## PROBLEM TO SOLVE
Below is a listing. Set down exactly the lines from the one containing "Текстурированная поверхность профлиста" through the one containing "The lower fang", both ends included, and leave out the rest.

## TASK MATERIAL

+++++

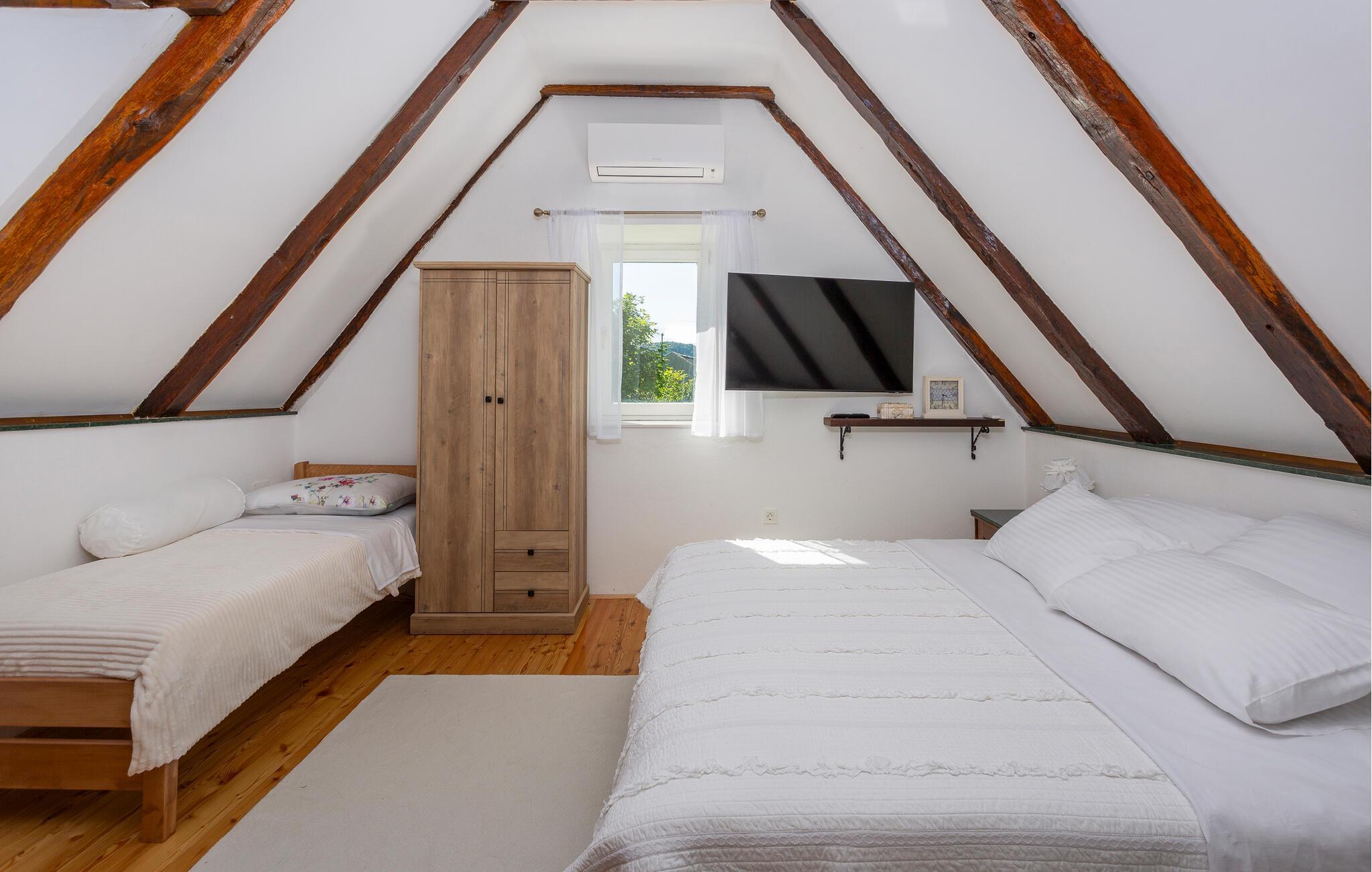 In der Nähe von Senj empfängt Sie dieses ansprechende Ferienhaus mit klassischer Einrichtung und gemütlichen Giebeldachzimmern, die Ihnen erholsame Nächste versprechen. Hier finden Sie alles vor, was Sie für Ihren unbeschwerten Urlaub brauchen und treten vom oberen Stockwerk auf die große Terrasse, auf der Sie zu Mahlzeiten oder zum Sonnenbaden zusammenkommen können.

+++++

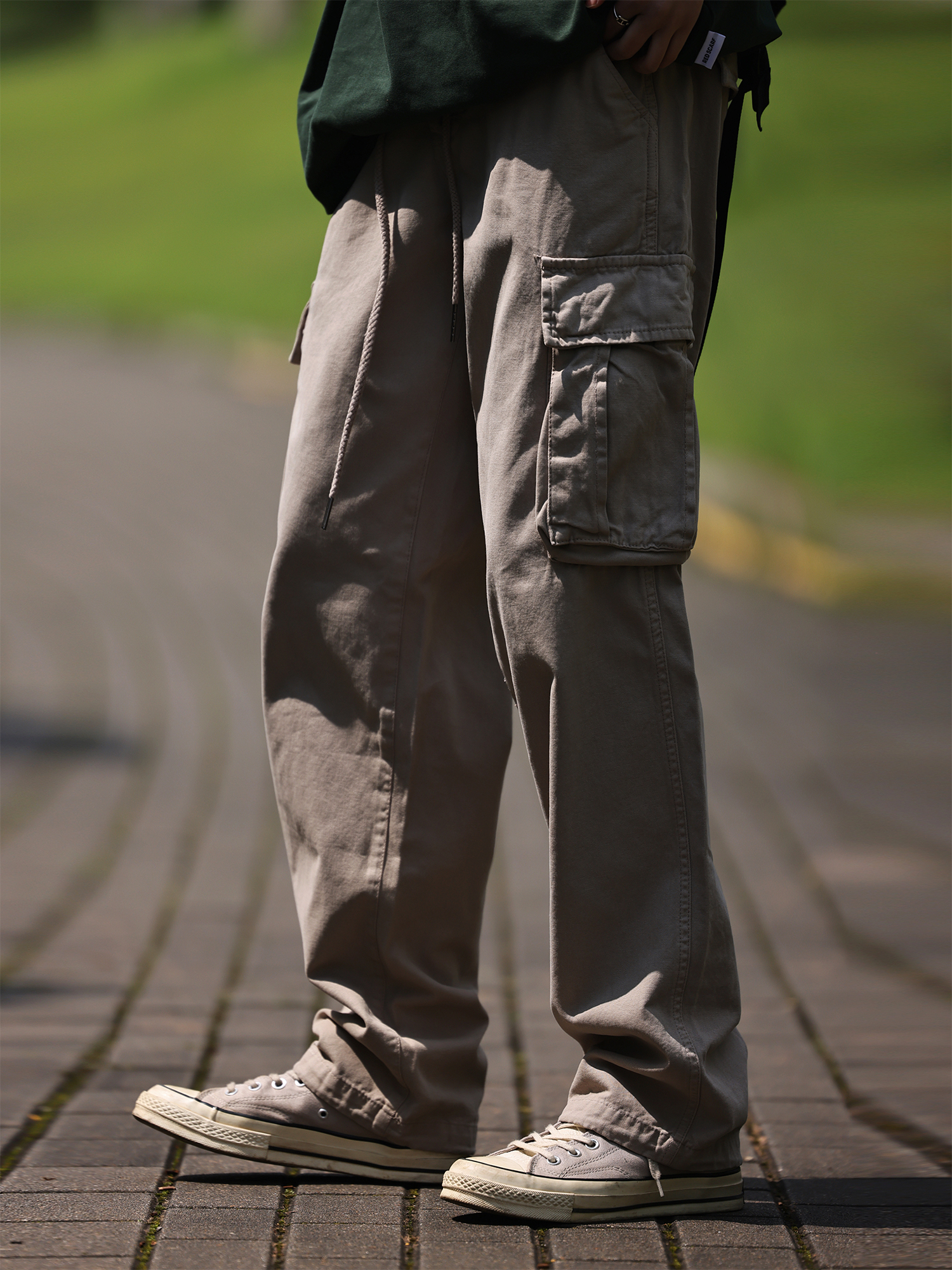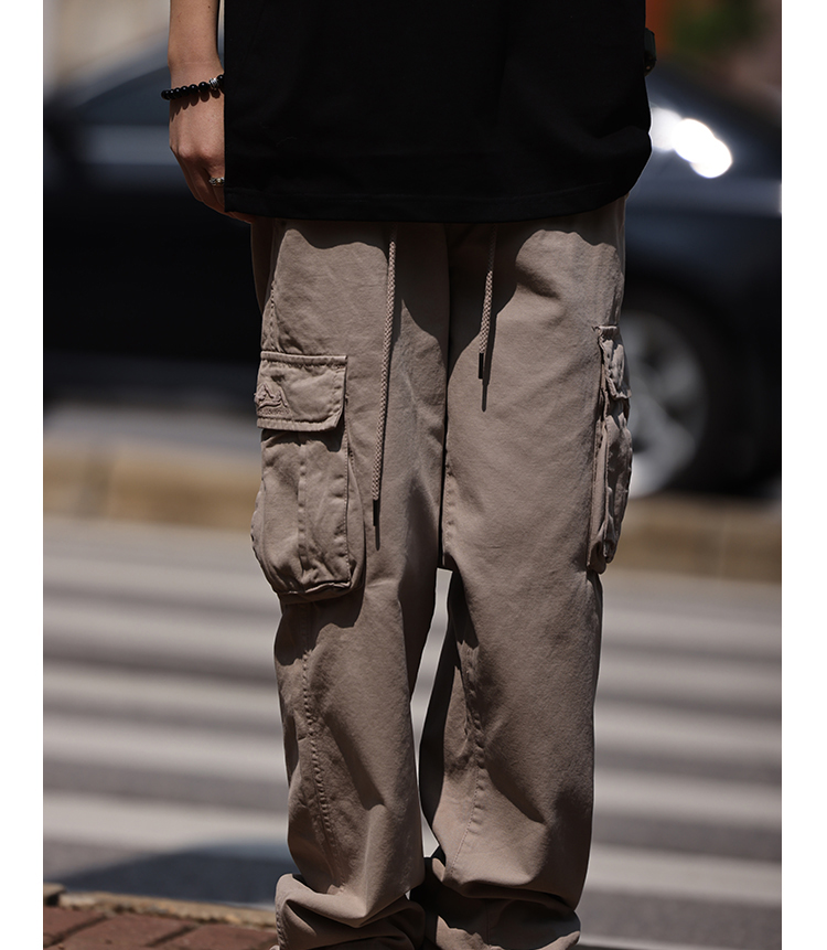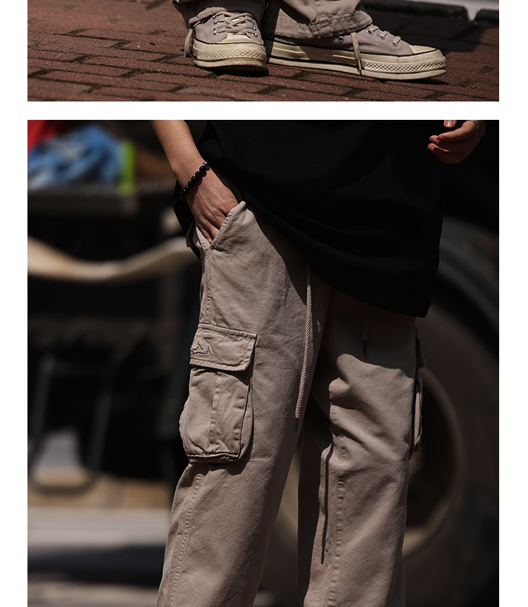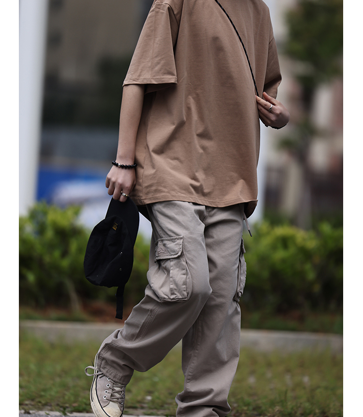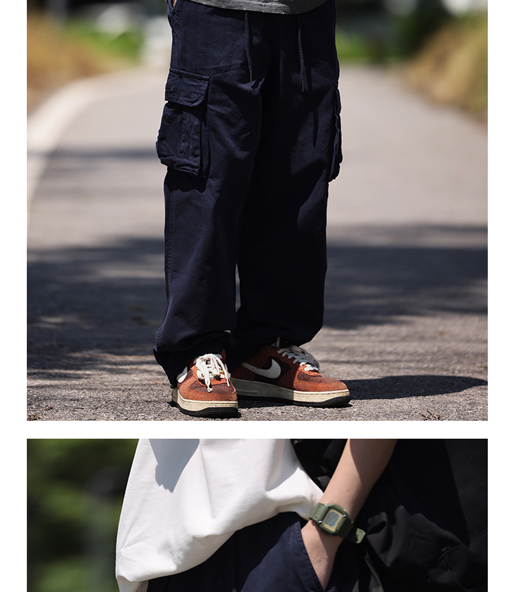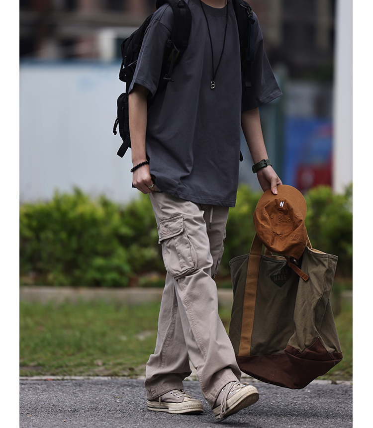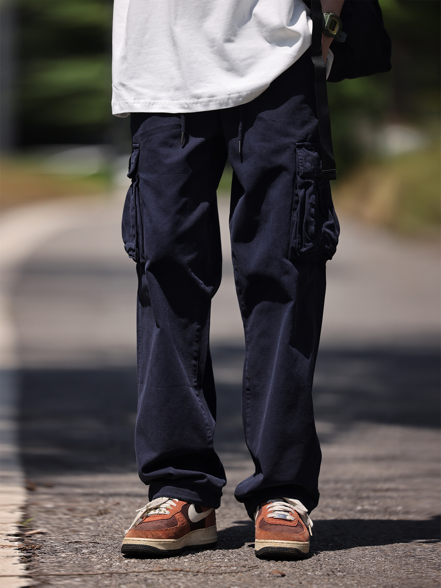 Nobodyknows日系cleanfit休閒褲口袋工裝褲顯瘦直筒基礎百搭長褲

+++++

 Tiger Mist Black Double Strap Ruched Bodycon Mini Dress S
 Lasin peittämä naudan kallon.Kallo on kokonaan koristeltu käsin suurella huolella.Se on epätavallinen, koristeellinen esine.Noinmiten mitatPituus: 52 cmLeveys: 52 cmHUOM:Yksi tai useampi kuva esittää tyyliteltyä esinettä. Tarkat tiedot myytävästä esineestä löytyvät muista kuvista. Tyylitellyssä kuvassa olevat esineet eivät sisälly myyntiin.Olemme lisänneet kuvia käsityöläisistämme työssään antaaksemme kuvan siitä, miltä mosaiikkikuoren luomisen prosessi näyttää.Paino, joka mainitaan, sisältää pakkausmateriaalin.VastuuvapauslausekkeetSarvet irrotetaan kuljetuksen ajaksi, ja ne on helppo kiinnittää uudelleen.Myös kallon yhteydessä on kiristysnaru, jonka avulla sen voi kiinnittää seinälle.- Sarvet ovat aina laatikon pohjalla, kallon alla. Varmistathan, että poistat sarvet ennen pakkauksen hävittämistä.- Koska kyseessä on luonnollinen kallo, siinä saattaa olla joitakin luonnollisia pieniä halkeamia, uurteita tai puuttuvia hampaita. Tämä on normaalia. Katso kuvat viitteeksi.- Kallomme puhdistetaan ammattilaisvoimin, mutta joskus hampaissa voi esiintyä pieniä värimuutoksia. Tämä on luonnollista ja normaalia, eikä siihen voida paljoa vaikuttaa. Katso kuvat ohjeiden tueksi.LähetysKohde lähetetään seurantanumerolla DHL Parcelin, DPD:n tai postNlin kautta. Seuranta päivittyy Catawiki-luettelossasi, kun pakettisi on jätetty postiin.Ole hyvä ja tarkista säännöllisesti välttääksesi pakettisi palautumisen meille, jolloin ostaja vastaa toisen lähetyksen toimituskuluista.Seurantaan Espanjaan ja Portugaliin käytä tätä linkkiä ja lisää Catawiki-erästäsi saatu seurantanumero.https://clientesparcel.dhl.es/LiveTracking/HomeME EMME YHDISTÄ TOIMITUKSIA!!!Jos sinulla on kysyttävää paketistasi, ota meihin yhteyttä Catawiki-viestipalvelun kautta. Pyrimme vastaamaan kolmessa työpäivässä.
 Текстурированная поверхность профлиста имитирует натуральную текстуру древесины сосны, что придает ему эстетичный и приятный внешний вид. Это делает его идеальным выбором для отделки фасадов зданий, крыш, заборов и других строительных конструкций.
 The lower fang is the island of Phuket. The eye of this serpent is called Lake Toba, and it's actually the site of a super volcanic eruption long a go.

+++++

## RESULT OF THIS TASK
 Текстурированная поверхность профлиста имитирует натуральную текстуру древесины сосны, что придает ему эстетичный и приятный внешний вид. Это делает его идеальным выбором для отделки фасадов зданий, крыш, заборов и других строительных конструкций.
 The lower fang is the island of Phuket. The eye of this serpent is called Lake Toba, and it's actually the site of a super volcanic eruption long a go.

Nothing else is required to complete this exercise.